A series of annual maps of soil organic carbon stock in Brazil from 1985 to the present.
Maps of soil texture fractions (clay, silt, sand) for three depth layers (0-10 cm, 10-20 cm, and 20-30 cm) with a nominal reference year of 1990.

Installation and usage

Repository Structure

This repository follows a standard project structure to organize code, data, and results:

/data: Contains the raw input data files (e.g., CSV, TSV, TXT) required to run the processing scripts. Note: This directory is typically excluded from version control (via .gitignore) as input data can be large or sourced externally.
/doc: Includes documentation files, primarily in Markdown (.md), related to the project or data processing steps. Note: Some documentation here might be outdated; the primary, up-to-date workflow logic resides in the /src directory.
/res: Stores the results generated by executing the scripts and notebooks in /src.
- /res/fig: Contains generated figures, plots, and maps (e.g., PNG files).
- /res/tab: Holds tabular results, including intermediate tables and the final harmonized training dataset (e.g., CSV, TSV, TXT files).
- Note: The /res directory and its subdirectories are typically excluded from version control (via .gitignore) as they contain generated artifacts derived from the source code and input data.
/src: Holds all the source code for the data processing and analysis workflow.
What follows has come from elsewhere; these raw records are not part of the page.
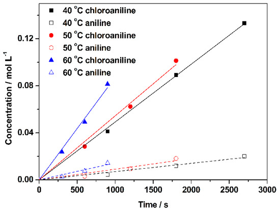 For the kinetic studies, ethanol was used as a solvent to determine the concentrations of substrate and product accurately. For all experiments, the conversion of nitrobenzene was kept to below 20% so that the time dependency of nitrobenzene concentration was linear, and to eliminate the role of products in the rate of the reaction. To ensure that the data was obtained under the kinetically controlled region, we performed the reactions at different agitation speeds, and selected an appropriate parameter (result not presented) to eliminate the effect of the mass transfer. The initial rate of the reaction was calculated at 40, 50, and 60 °C and the results are presented in Figure S1. The apparent activation energy (Ea) was calculated to be 37 kJ mol−1 from the dependence of ln(k) on 1/T with R2 > 0.99 (Figure S1). This value was similar to the values reported recently (37 kJ mol−1 over Pt/γ-Al2O3 by Peureux et al. [36], and 28 ± 5, 33 ± 5 and 45 ± 5 kJ mol−1 over Ru/FeOx by Easterday et al. [15], and 35 ± 1 kJ mol−1 over Pd/C by Turáková et al. [7]) for this reaction. This activation energy value also gives evidence that the reaction was carried out under a kinetic regime, otherwise the value should be in the range of 5–15 kJ mol−1 if the diffusion played an important role [7].
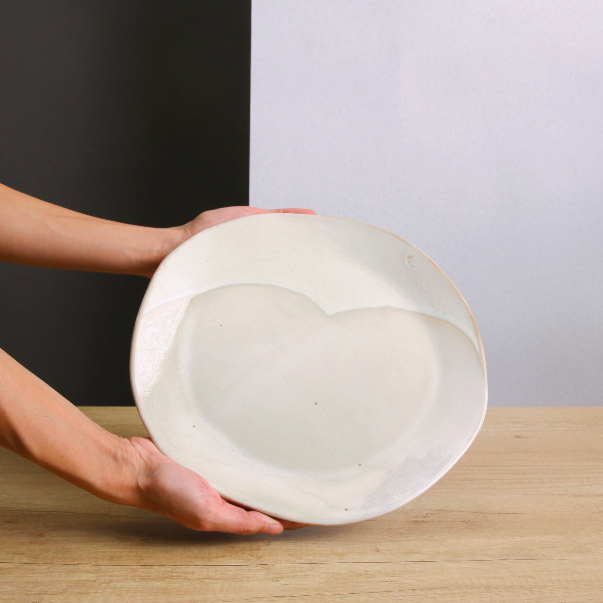 The white-washed villages and their alleys are the inspiration for the off-white, wavy-shaped plate with both glossy and matte glazing, thanks to a sophisticated technique that allows applying multiple layers of glazing. Handmade of stoneware clay, high fired at 1240 °C, it will add an artisanal note of quality and authenticity to your dinner ritual with family and friends.
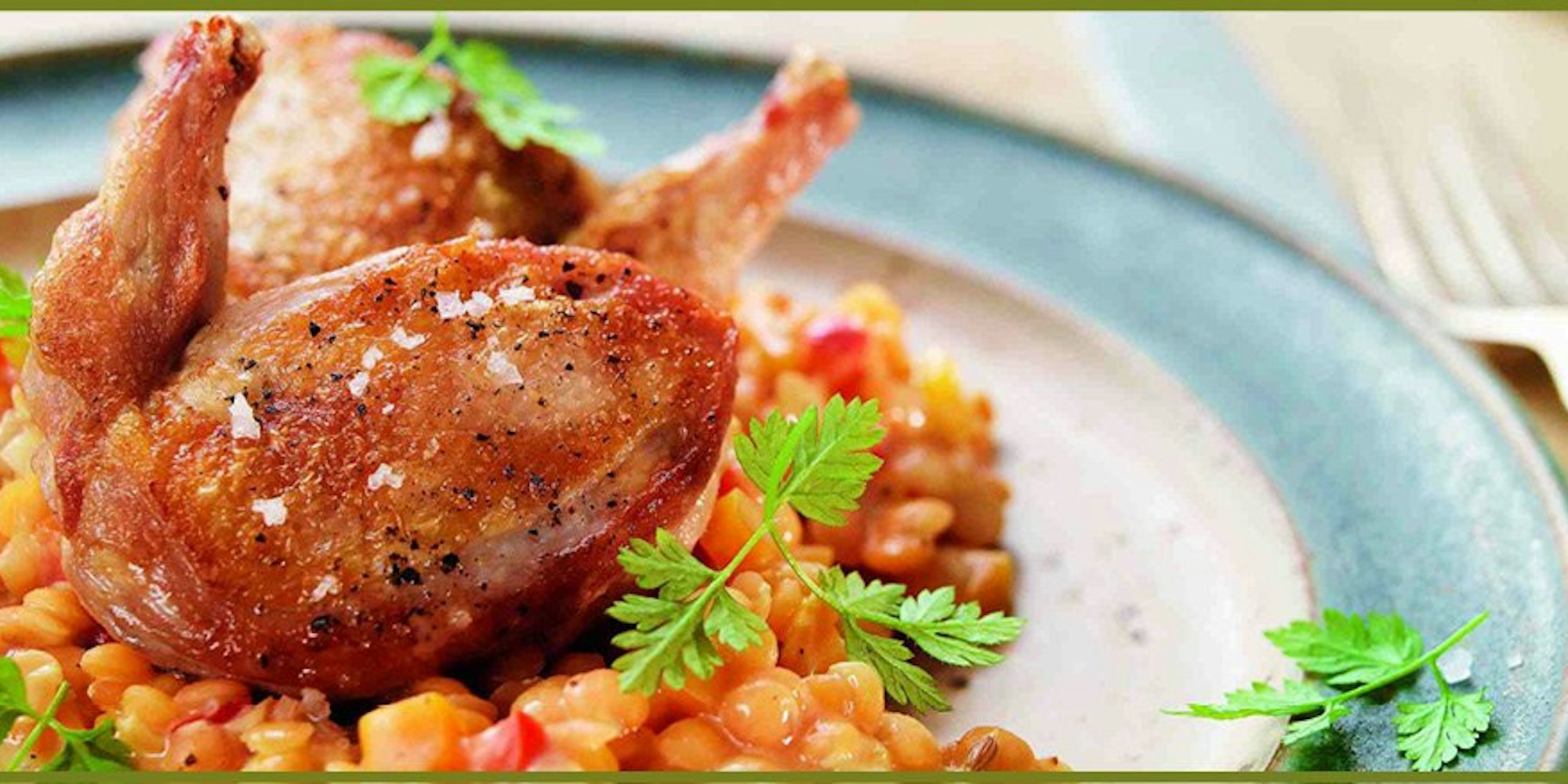 RezeptCremiger Rote-Linsen-Salat mit Wachtelbrüstchen
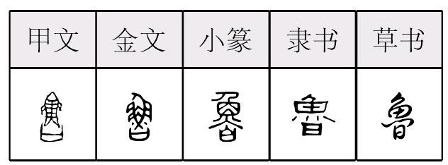 鲁魯lǔ(12画) *鲁(魯)lǔ12画 鱼部 鲁魯lǔ甲骨文从鱼(魚)在食器上,嘉美,嘉善义。西周以后金文食器中常增一短横画,就是“甘”字。 少数鱼尾和“口”搭连,成“ 鲁魯★繁◎常★常
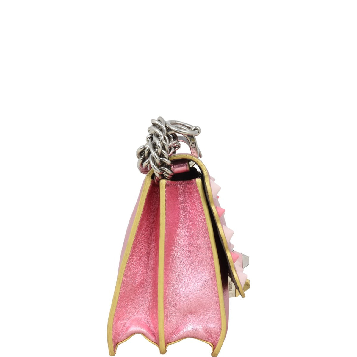 Features: Metallic pink calfskin leather exterior with gold glazing; sliding chain shoulder strap with leather shoulder pad; silver tone hardware; pink and baby pink enamel stud details; top flap opening with push lock closure; grey microfibre lined interior divided into two sections with 1 x slip pocket.
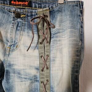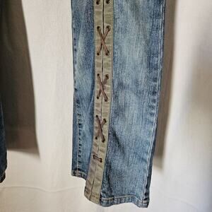 Vintage Dollhouse Lace-up Distressed Bootcut Low-Rise Jeans 34' Waist No Size
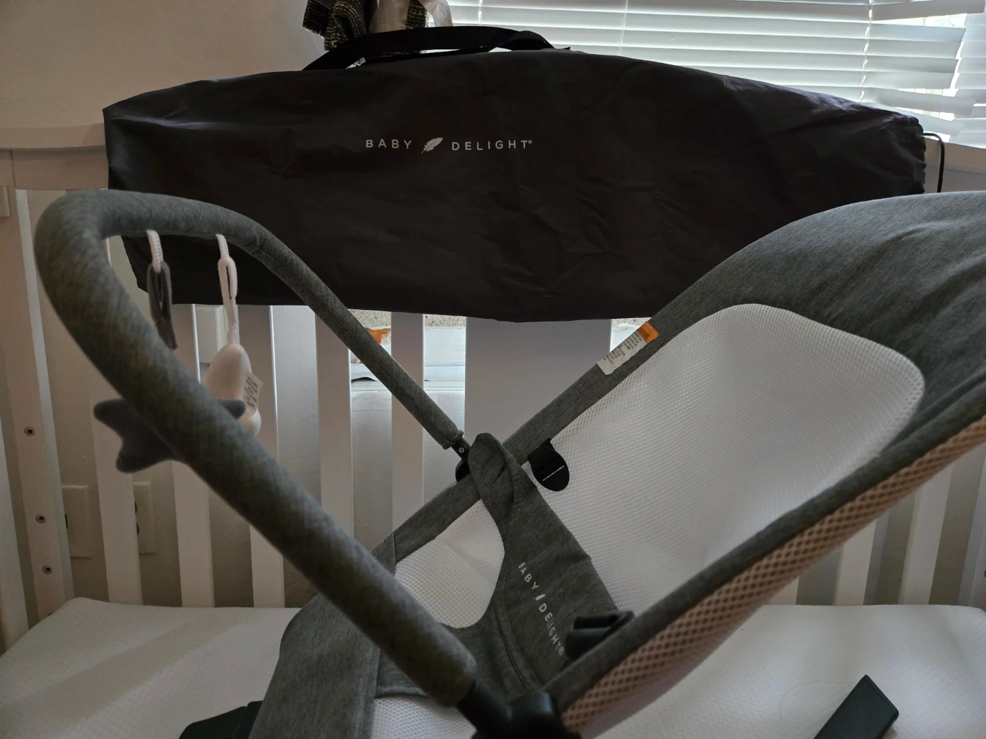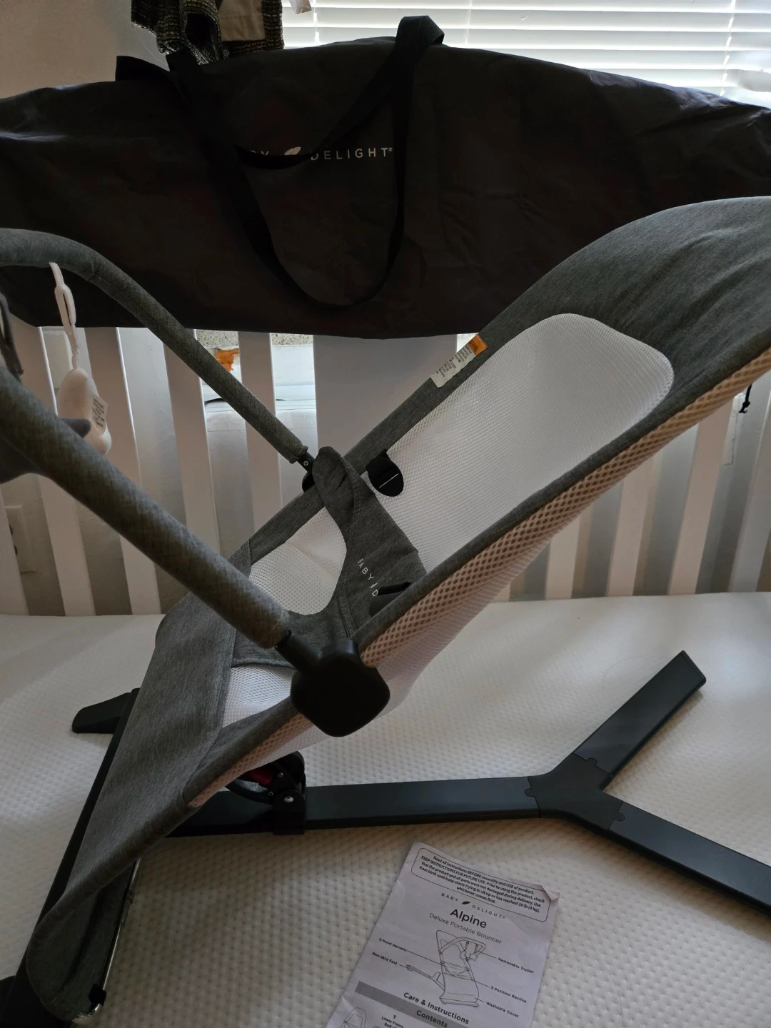 Selling a Baby Delight Alpine Deluxe Portable Bouncer. It's in great condition and comes with its original carry bag. Perfect for keeping your little one comfy and entertained!
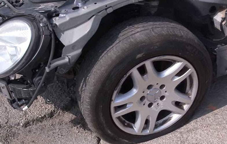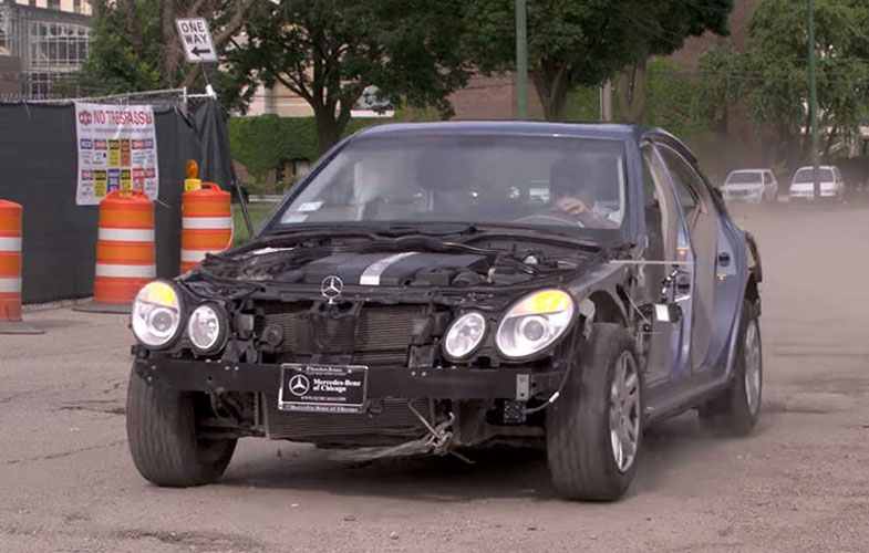سرانجام در تلاش چهارم و سرعت ۶۲ کیلومتر بر ساعت، مرسدس‌بنز E320 که گویا مانند یک تانک ساخته شده است کمی آسیب می‌بیند و تایر جلوی سمت راننده پنچر می‌شود. جالب است که در این آزمون سخت، مرسدس E کلاس که بیش از ۱۰ سال عمر دارد، فقط به یک تایر پنچر بسنده می‌کند. تیم سازنده‌ی این ویدئوی جالب اشاره می‌کند که در قسمت سوم سری «شکنجه دادن سیستم تعلیق مرسدس» آزمایش‌های بسیار شدیدتری تدارک می‌بیند.
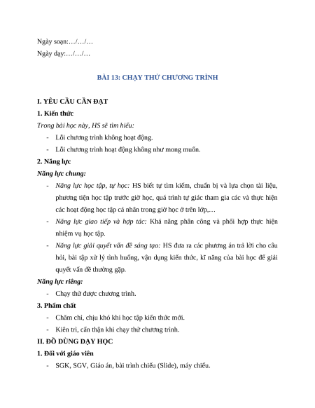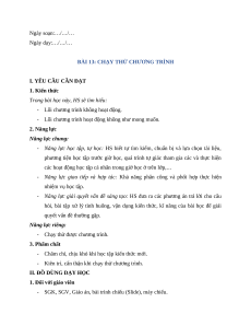 Giáo án Bài 13: Chạy thử chương trình Tin học lớp 5 Chân trời sáng tạo
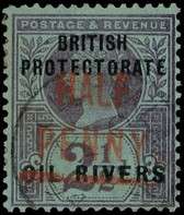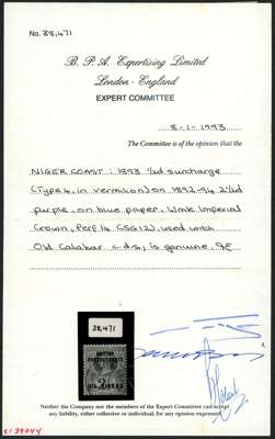 1893 ½d on 2½d handstamped Type 4 in vermilion, fine used on piece with Old Calabar JY 6 94 CDS. 120 printed. BPA Certificate (1993). SG 12, £325
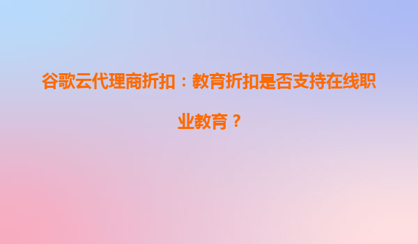 2025-04-17谷歌云代理商折扣:教育折扣是否支持在线职业教育? 一、谷歌云的核心优势与教育领域布局 谷歌云作为全球领先的云计算服务提供商,凭借其高性能基础设施、人工智能工具(如VertexAI和TensorFlow...
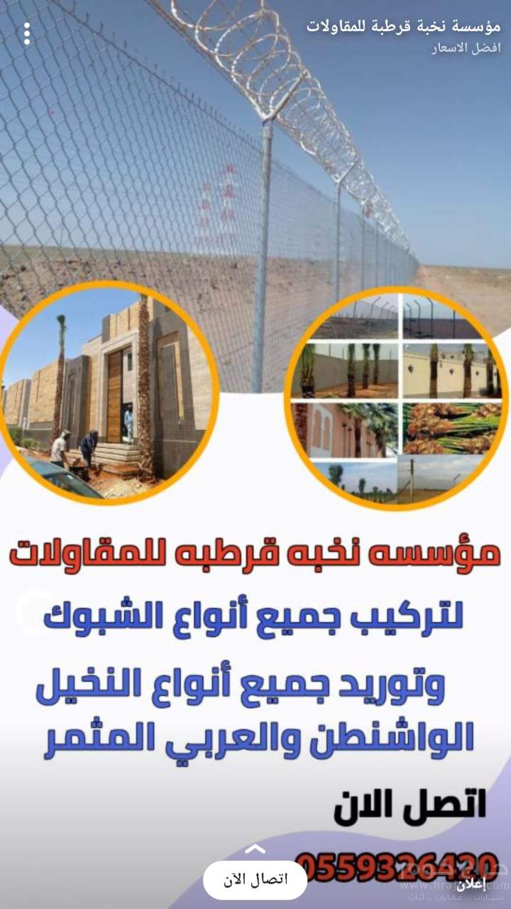 مؤسسة نخبه قرطبة للمقاولات تركيب شبوك وتوريد نخيل 0559326420تركيب الشبوك للمزارع والكسارات والطرقات والملاعب وتوريد نخيل الوشنطن والعربيللعمل في جميع انحاء المملكة0559326420https://www.cordobadv.com/https://store-39958.business.site/?m=true
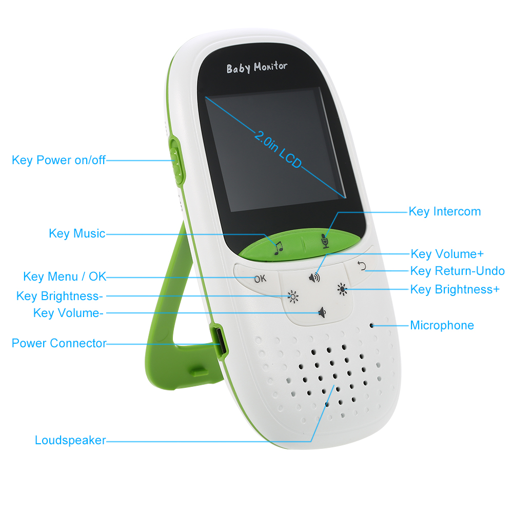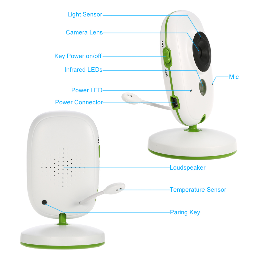 Wireless Video Baby Monitor 2.0in LCD Color Security Camera 2.4GHz 2 Way Talk NightVision Temperature Monitor with 8 Lullabies

This includes R scripts (.r) and Jupyter Notebooks (.ipynb), organized sequentially for execution. This is the core directory for understanding and running the project.
/tmp: Used for storing temporary files generated during script execution, which are not essential outputs. Note: This directory is typically excluded from version control (via .gitignore).

Requirements

To execute the code in this repository, you will need both R and Python installed on your system, along with several specific packages and libraries.

Environment Setup

R: It's recommended to use the latest stable version of R. You can install packages directly from the R console. The scripts include conditional installation checks (if (!require(...)) install.packages(...)), but ensuring they are installed beforehand is good practice. Consider using a project management tool like renv for better reproducibility if you plan extensive modifications.
Python: It's highly recommended to use a virtual environment (e.g., using venv or conda) to manage Python dependencies and avoid conflicts with other projects.

R Packages

The following R packages are required. You can install them using the install.packages() command in R (except for febr, which requires remotes).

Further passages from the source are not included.